The procedure then processes that data to determine signals of potential infection and of a potential prostate condition (S704). Test as previously described in the Summary of the Invention may be employed. In embodiments multiple signals are required to be present in combination for a positive detection of a potential medical condition. Test applied may include one or more of: Detection of multiple peaks; detection of a low flow rate (<10 ml/sec or <5 ml·sec); detection of an extended time between peaks (>0.5 sec) for infection; detection of less than a threshold or zero time between peaks for a prostate condition; detection of greater than a threshold peak duration (e.g. greater than 10 sec, 15 sec or 20 sec) for a prostate condition.

A result of this processing may be stored and/or output as data indicating the presence of a potential medical condition and, optionally, whether the condition is an infection or a prostate-related condition. Optionally a potential degree of severity of the condition may also be indicated. Additionally or alternatively the raw data from S700 and/or processed data from S702 may be provided. In embodiments an alert and/or the raw/processed data may also be provided on display device 606 and/or communicated to a remote server for further storage/processing.

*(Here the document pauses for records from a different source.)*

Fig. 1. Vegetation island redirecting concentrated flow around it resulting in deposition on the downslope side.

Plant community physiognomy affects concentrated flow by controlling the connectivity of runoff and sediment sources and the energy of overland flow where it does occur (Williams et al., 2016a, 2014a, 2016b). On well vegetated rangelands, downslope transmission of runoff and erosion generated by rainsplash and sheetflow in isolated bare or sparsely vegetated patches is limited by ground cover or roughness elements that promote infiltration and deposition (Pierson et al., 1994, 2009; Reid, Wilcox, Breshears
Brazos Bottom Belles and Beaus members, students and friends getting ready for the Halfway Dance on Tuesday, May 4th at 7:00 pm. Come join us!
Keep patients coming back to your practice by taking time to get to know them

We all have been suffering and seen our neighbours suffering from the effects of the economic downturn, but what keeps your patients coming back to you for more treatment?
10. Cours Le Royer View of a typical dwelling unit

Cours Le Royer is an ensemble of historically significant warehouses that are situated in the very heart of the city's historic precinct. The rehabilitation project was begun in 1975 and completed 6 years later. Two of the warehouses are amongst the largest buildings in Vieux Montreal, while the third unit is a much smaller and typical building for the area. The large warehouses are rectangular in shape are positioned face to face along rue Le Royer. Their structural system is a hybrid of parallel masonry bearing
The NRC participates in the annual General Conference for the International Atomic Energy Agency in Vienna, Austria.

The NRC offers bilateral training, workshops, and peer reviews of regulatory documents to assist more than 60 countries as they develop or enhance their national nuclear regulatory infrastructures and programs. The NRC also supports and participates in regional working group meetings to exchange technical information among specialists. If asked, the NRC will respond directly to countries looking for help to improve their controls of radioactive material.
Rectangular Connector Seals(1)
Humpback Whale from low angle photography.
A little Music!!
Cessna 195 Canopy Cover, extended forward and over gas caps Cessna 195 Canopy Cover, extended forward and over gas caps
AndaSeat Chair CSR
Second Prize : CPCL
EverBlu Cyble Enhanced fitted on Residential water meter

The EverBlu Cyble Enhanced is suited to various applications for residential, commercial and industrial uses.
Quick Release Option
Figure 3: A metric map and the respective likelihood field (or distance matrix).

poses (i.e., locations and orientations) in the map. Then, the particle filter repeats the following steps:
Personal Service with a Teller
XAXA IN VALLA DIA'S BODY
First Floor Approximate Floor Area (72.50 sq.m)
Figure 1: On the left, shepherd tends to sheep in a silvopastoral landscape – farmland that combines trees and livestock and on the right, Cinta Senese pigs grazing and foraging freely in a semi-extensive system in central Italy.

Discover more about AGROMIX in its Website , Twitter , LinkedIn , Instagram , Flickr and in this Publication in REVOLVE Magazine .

In embodiments data from one or more of steps S700, S702 is provided to a machine learning procedure S706, for example running in base station 604 and/or on a remote server. The procedure may implement a supervised or unsupervised learning algorithm, for example using supervised learning in combination with data inputted from diagnoses previously made using data from the system, or using unsupervised learning to classify the input data. The machine learning procedure may thus learn to provide improved data indicating the presence of a potential medical condition, and/or differentiation of one or more conditions (such as infection and prostate-related conditions).

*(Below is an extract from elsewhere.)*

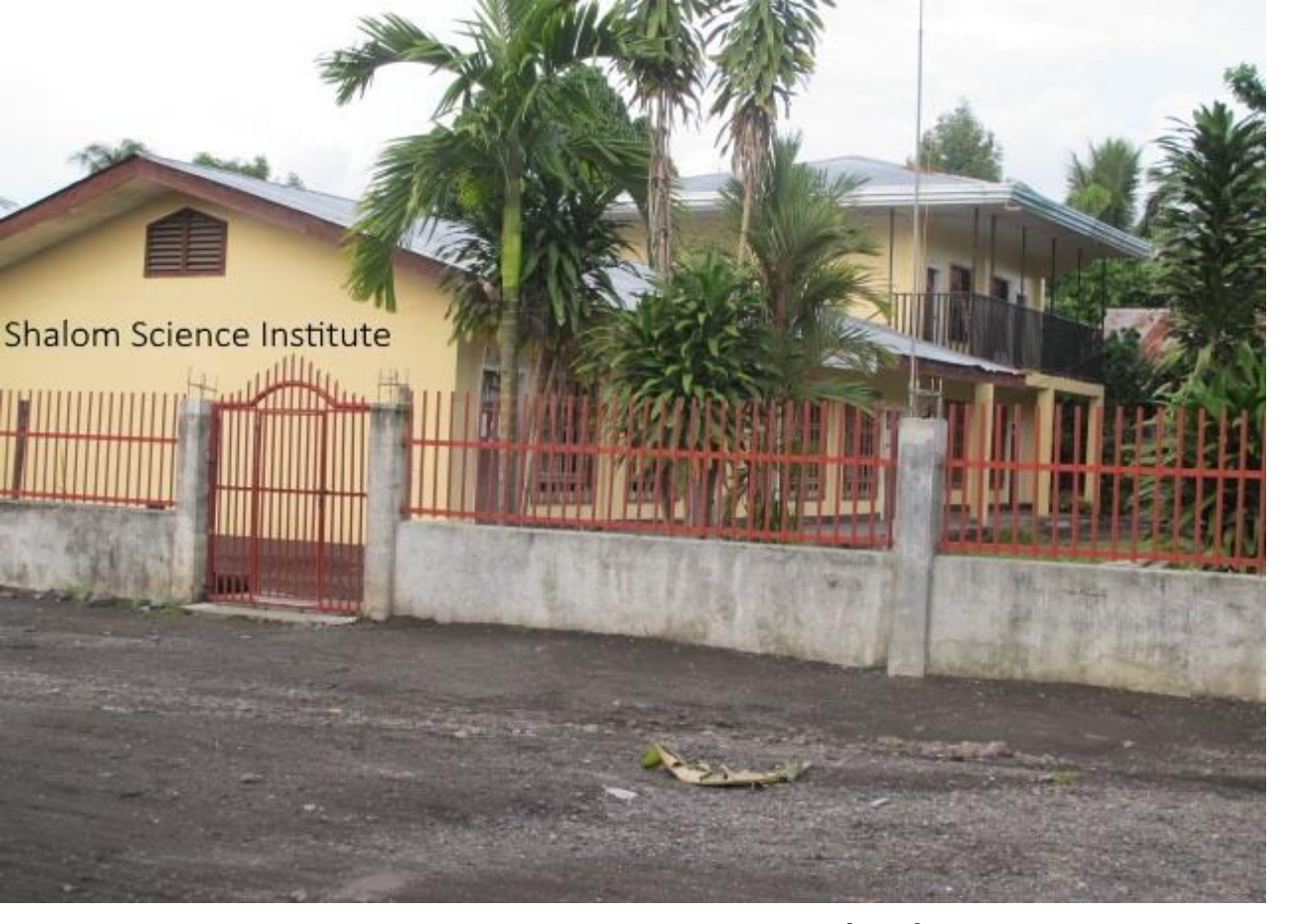
Shalom Science Institute (SSI) Banago, Balabagan, Lanao Del Sur

Further parameters may be utilised to detect infections or medical conditions. These parameters may include chemical concentration (either in urine or in gas emanating from the urine) and time or frequency of urination.

Whilst the above embodiments discuss the detection of an infection, embodiments may be configured to detect other medical conditions, such as cancer, kidney stones or diabetes. For instance, diabetes may be detected through increased frequency of urination at night and/or increased glucose or ketone concentrations in urine. Equally, cancer, such as prostate cancer, may be detected through an increased concentration of chemicals associated with genes associated with the cancer (e.g. PSA and expressions of TMPRSS2:ERG or PCA3).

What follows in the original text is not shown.